Our Korean Future?

Here’s three tools for kicking back and thinking about the future.

  • The Future Boy Column in Business 2.0 this week focuses on the South Korea’s status as the place to go to look at the consequences of providing a whole population with cheap, fast broadband. The South Koreans are integrating connectivity into their culture in fascinating and suggestive ways–ways that the author suggests make Korea’s future dominance in the area probable.
  • In an complementary essay Susan Crawford uses the Korean (and Japanese experience) as an excuse for focusing on getting more competition in the US market. There are only a few basic choices and each has its problems.

(Here’s a caveat on the first two stories: both authors as Americans find it easy to take a look at a desirable situation that has any element of competition in it and identify competition as the cause of the desirable situation–and that’s enough to “be” the answer. I suspect Koreans wouldn’t make that mistake. The most striking difference between the American and Korean experiences is that the Koreans government funded a huge modern backbone, heavily subsidized companies building last mile solutions, and pushed most of its competition by regulatory means. Korean competition is based on something like the US CLEC model (which the FCC has abandoned)–the network owners are forced to sell their access at favorable wholesale rates to third-party providers. The Koreans had a clear goal: get high speed bandwidth to everyone–and they ruthlessly, without our regard for ideology, did what was necessary to make that happen.)

  • The third story, an older one from Wired, takes a less economic tack. It focuses on cultural issues and cultural assumptions. In it the story is that the South Koreans have figured out that big broadband is most readily driven by social interaction; not by the solitary, couch-potato vision of consumption that drives the dreams of American providers. From the article:

    “South Korea’s broadband commons challenges North American assumptions about what bandwidth is for and why it’s relevant. In the US, cable, telephone, and media companies spin visions of set-top boxes and online jukeboxes, trying to “leverage content” and turn old archives into new media streams. There is a profound fear of empowering consumers to share media in a self-organizing way on a mass scale. Yet this is precisely what makes South Korea the broadband capital of the world. It’s not a futuristic fantasy that caters to alienated couch potatoes; it’s a present-day reality that meets the needs of a culture of joiners a place where physical and virtual are not mutually exclusive categories …”

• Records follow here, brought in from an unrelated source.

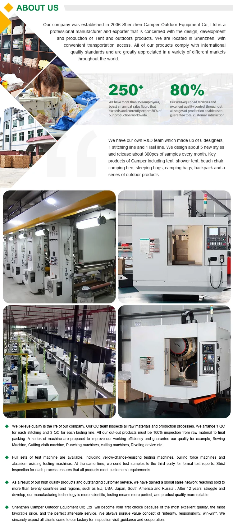 Keyproducts of Camper including tent , shower tent , beach chaircamping bed , sleeping bags , camping bags , backpack and asenes of outdoor products.
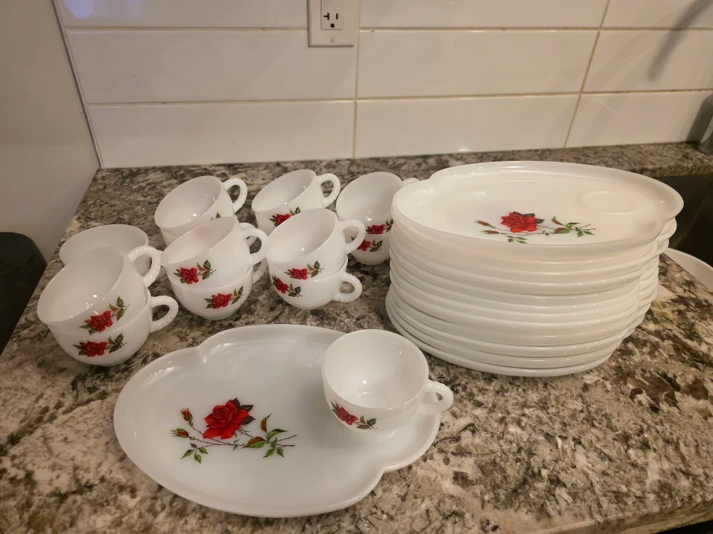 Beautiful vintage white opal tea set with red rose design.
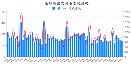 從船型來看,散貨船的交付數(shù)量為43艘,共計(jì)3977285載重噸;集裝箱船的交付數(shù)量為12艘,共計(jì)103446TEU;油船的交付數(shù)量為12艘,共計(jì)1773575載重噸;化學(xué)品船的交付數(shù)量為14艘,共計(jì)433740載重噸;液化氣船交付數(shù)量為8艘,共計(jì)882400立方米;海工船交付數(shù)量為31艘,共計(jì)82032載重噸;其他船型交付數(shù)量為22艘,共計(jì)139894載重噸。
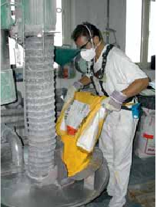 Anzustreben ist eine möglichst direkte Erfassung der Lösemitteldämpfe, des entstehenden Staubes und Vermeidung der Ausbreitung der Gefahrstoffe im Raum. Dazu muss die Oberfläche, von der Lösemittel abdampft, minimiert werden und der bei der Zugabe entstehende Staub mit einer Erfassungseinrichtung halboffener oder möglichst geschlossener Bauart an der Emissionsquelle erfasst werden.
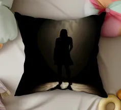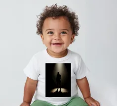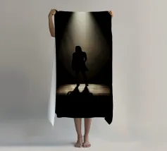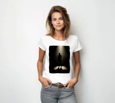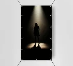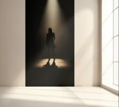 Una figura solitaria si staglia sotto un riflettore soffuso in uno spazio buio. L'ambiente mette in risalto la silhouette, proiettando ombre sul pavimento di legno ed evocando un senso di mistero.
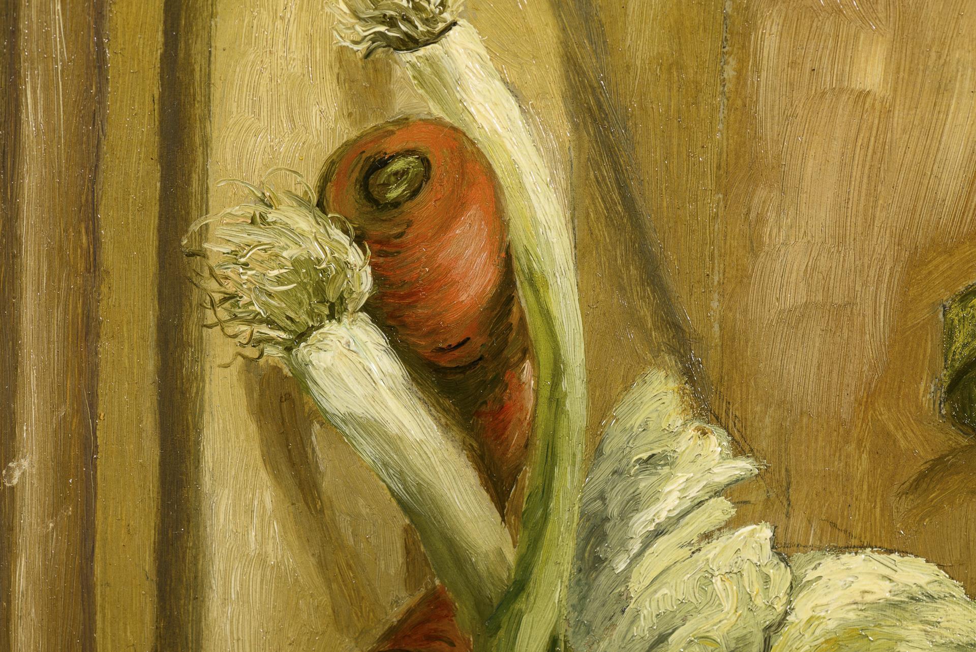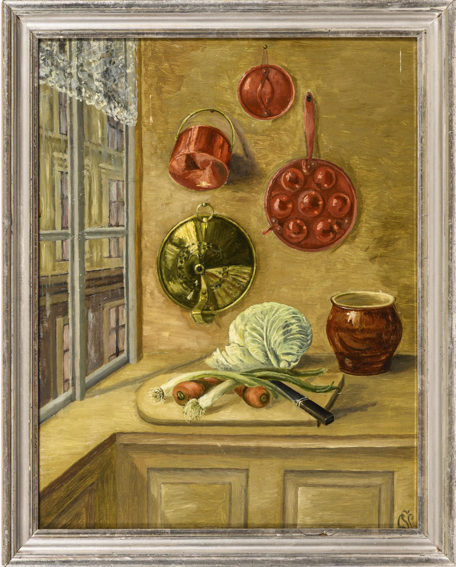 Leeks, cabbage and carrots on the work surface in front of the wall with the kitchen vessels.
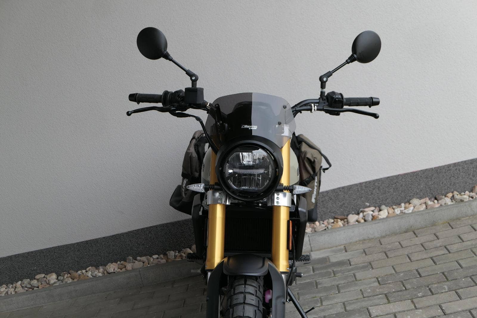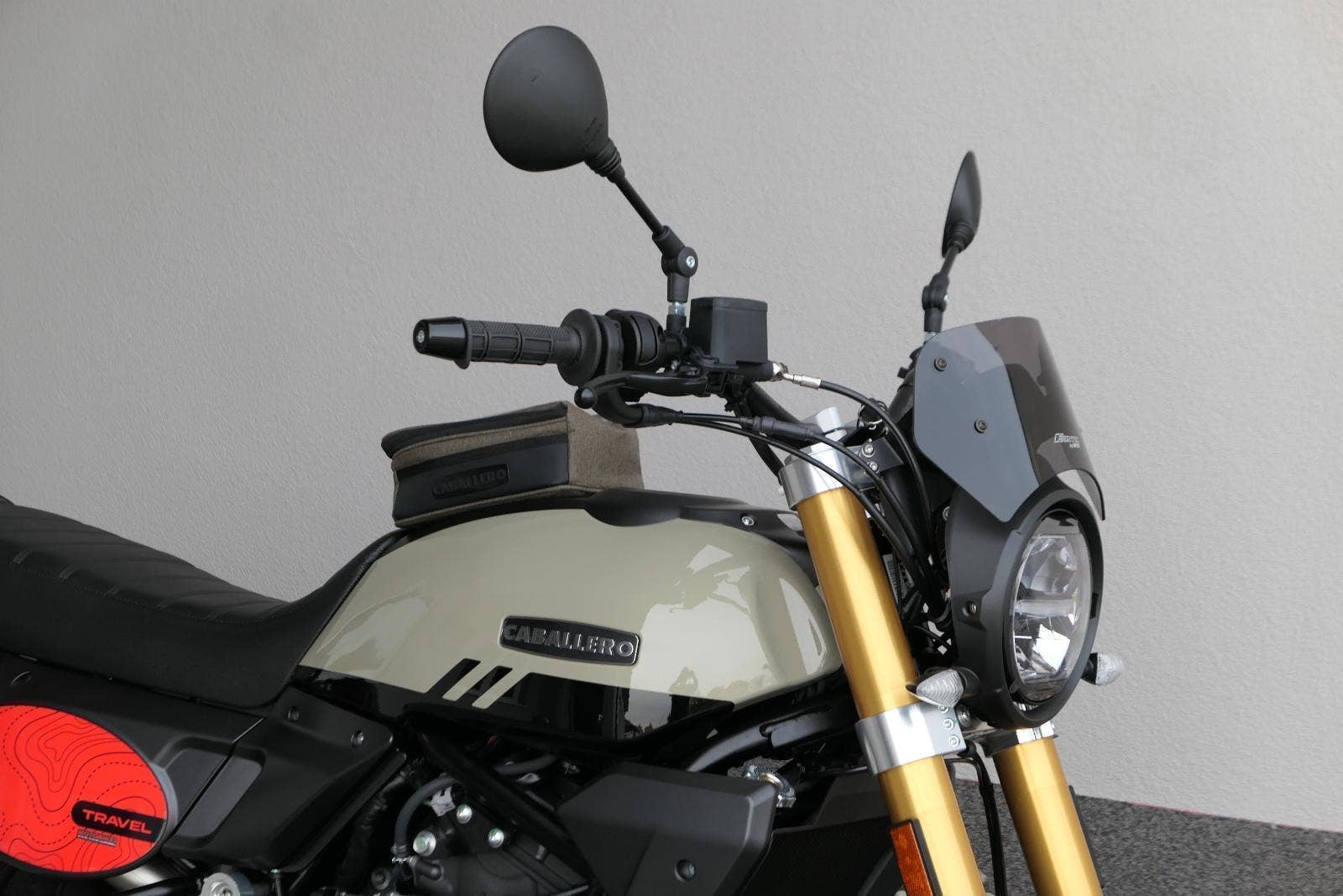 Caballero 700 spojuje výkon paralelního dvouválce Yamaha CP2, špičkovou elektroniku s náklonovým ABS – s možností deativace přímo z řídítek – a nastavitelnou kontrolou trakce, prémiový podvozek Marzocchi a brzdný systém Brembo. Díky nízké hmotnosti 175 kg, 19″ a 17″, drátovým kolům a optimalizovanému odpružení zvládá s lehkostí silnice i terén, přesně tak, jak se na autentický scrambler patří.

All worth thinking about. What will shape Lafayette’s broadband future? How will economics and the unusual economic structure we will have hear interact with our unique cultures?

13 thoughts on “Our Korean Future?”

  1. I will point out again that the 1st step in South Korea’s advancement in telecommunications was to end government role as a “provider” of content and retail service provicer in telecommunications. They adopted the “open” system.

    Tim

  2. 🙂 which gives me the opportunity to repeat my earlier response to your position that South Korea’s experience in building out a huge infrastructure at govt. expense was a good idea:

    While I like–and actually think ideal–the idea that the national government would do the same for the internet that it did for the interstate highway system infrastructure I do think there are problems with the way you phrase things here.

    The models in Asia are not, by our standards, “privatization” models. The profit-taking companies are huge, closely integrated with the government and very much “directed” by government policy and massive, targeted investment to foster those policies. Think the old AT&T on steroids with an actual national broadband policy to fulfill.

    Again, I think your suggestion makes sense as far as it goes. It would be easy and relatively cheap for Govt to provide a huge cheap, fast publicly-owned backbone with utterly open access (and this would in a stroke solve the net neutrality debate). Its not being discussed because only dreamers like you and I think the phone and cable lobbies would allow it.

    But even with huge changes in the admin and congress that allowed the feds to displace the under-performing incumbents the cost-prohibitive part would be the local last mile. If public policy encouraged it and laws permitted I think most communities would shoulder this burden themselves and leave it open as you describe.

    But the overall solution would still include muni investment.

    For my money local muni investment can have only two logical outcomes:

    1) in the standard model of competition it will spur price breaks and more/better services

    2) if in fact your fears that it will in our special case stifle instead of stimulate competition are true that can only mean that wired telecom is a special case. I think that might be true. I’d not be surprised if fiber turned out to be what economists call a “natural monopoly” — the classic sign of that is that only one provider survives. (This has basically been true in both phone and cable (and electricity) for most of their wireline history.) In that case–monopoly!–the public would be better off owning it. This is the classic rationale for public utilities of all kinds.

    In both cases, taken as a whole, the entry of muni competition is a good thing. –especially if the muni is the first to field FTTH.